Key Concepts of Section 3.4

Key Concepts of Section 3.4

Regulating Protein Function

  • Proteins may be regulated at the level of protein synthesis, protein degradation, or the intrinsic activity of proteins through noncovalent or covalent interactions.

  • The life span of intracellular proteins is largely determined by their susceptibility to proteolytic degradation.

  • Many proteins are marked for destruction with a polyubiquitin tag by ubiquitin ligases and then degraded within proteasomes, large cylindrical complexes with multiple protease active sites in their interior chambers (see Figure 3-31).

  • Ubiquitinylation of proteins is reversible due to the activity of deubiquitinylating enzymes.

  • In allostery, the noncovalent binding of one ligand molecule, the allosteric effector, induces a conformational change that alters a protein’s activity or affinity for other ligands. The allosteric effector can be identical in structure to or different from the other ligands, whose binding it affects. The allosteric effector can be an activator or an inhibitor.

  • In multimeric proteins, such as hemoglobin, that bind multiple identical ligand molecules (e.g., oxygen), the binding of one ligand molecule may increase or decrease the protein’s affinity for subsequent ligand molecules. This type of allostery is known as cooperativity (see Figure 3-32).

  • Several allosteric mechanisms act as switches, turning protein activity on and off in a reversible fashion.
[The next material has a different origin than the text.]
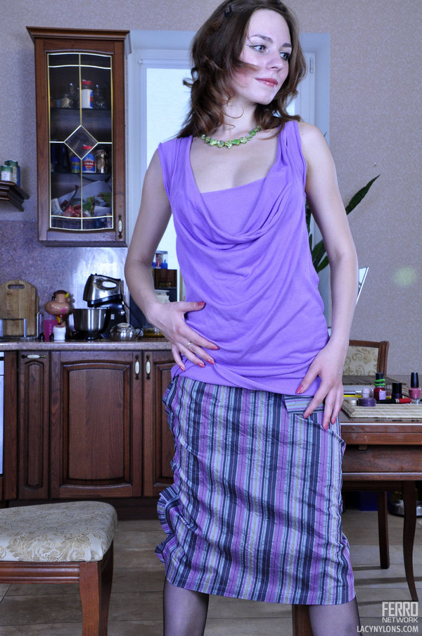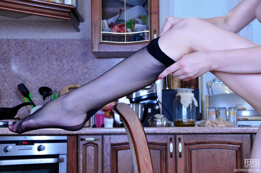 Slim-legged hottie adjusting her black seamed stockings with a lacy garter
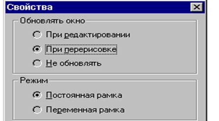 Вікно загального виду викликається на екран за допомогою команди " Вид|окна ". Вікно загального виду призначено для швидкого переміщення по кресленню і відображає все креслення поза залежністю від того, які розміри робочого вікна встановлені у вікні поточного креслення. При роботі з вікном загального виду може бути встановлено два режими. Перемінна рамка. У цьому режимі для переміщення по кресленню Вам необхідно вказувати два кути прямокутної області у вікні загального виду. Для цього підведіть курсор до вікна загального виду, натисніть ліву клавішу миші і, утримуючи її натиснутої, перемістите мишу так, щоб курсор, що з'явився, у виді "гумової нитки" захопив потрібну частину креслення, і відпустіть клавішу миші. Після цього зазначена область у вікні загального виду виділиться іншим кольором, і відповідна область креслення, пропорційно збільшена, виведеться у вікні поточного креслення. Постійна рамка. При цьому режимі, якщо ви підведете курсор до вікна загального виду, то з'явиться курсор у вигляді прямокутника, що показує область креслення, що ви хочете вибрати. Розмір прямокутника пропорційний розміру вікна поточного креслення. Якщо ви будете утримувати ліву кнопку миші натиснутою і переміщати прямокутник по вікну загального виду, то зображення креслення у вікні поточного креслення буде динамічно змінюватися відповідно до переміщення прямокутника. Керування режимами здійснюється установкою відповідної опції в меню, що викликається натисканням правої клавіші миші, коли курсор указує на вікно загального виду. За допомогою меню можна обновити креслення у вікні загального виду, вибравши опцію " Обновить ", можна видалити вікно загального виду з екрана, вибравши опцію " Спрятать ". Для установки режимів перемальовування вікна загального виду необхідно вибрати в меню опцію " Свойства ". На екрані з'явиться діалогове вікно для установки режиму " Обновление окна ".

  • Two classes of intracellular switch proteins regulate a wide variety of cellular processes: (1) Ca2+-binding proteins (e.g., calmodulin) and (2) members of the GTPase superfamily (e.g., Ras), which cycle between active GTP-bound and inactive GDP-bound forms (see Figure 3-34). GTPases participate in complex regulatory networks that include proteins (GAP, GEF, GDI) that regulate the cycling of the GTPase between its active and inactive forms.

  • The phosphorylation and dephosphorylation of hydroxyl groups on serine, threonine, or tyrosine side chains by protein kinases and phosphatases provide reversible on/off regulation of numerous proteins (see Figure 3-35).
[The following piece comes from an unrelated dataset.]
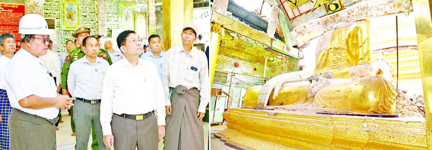 ထို့နောက် နိုင်ငံတော်စီမံအုပ်ချုပ်ရေးကောင်စီဥက္ကဋ္ဌ နိုင်ငံတော်ဝန်ကြီးချုပ်နှင့် အဖွဲ့ဝင်များသည် စစ်ကိုင်းမြို့ ရိုင်တန်းရပ်ကွက်ရှိ မဟာစေတီတော်အား လုံးတော်ပြည့်ငုံ၍ ပြုပြင်မွမ်းမံတည်ဆောက်နေမှုနှင့် ငလျင်ဘေးဒဏ်ကြောင့် ထိခိုက်ပျက်စီးခဲ့ရမှုများကို ကြည့်ရှုကာ ရေရှည်တည်တံ့ခိုင်မြဲရေးအတွက် ပြုပြင်မွမ်းမံမှုများကို စနစ်တကျတွက်ချက် ဆောင်ရွက်သွားရန်နှင့် အခြားလိုအပ်သည်များကို မှာကြားသည်။

  • Variations in the nature of the covalent attachment of ubiquitin to proteins (mono-, multi-, and polyubiquitinylation involving a variety of linkages between the ubiquitin monomers) are involved in a wide variety of cellular functions other than proteasome-mediated degradation, such as changes in the location or activity of proteins (see Figure 3-36).

  • Many types of covalent and noncovalent regulation are reversible, but some forms of regulation, such as proteolytic cleavage, are irreversible.

  • Higher-order regulation includes the intracellular location, or compartmentation, of proteins.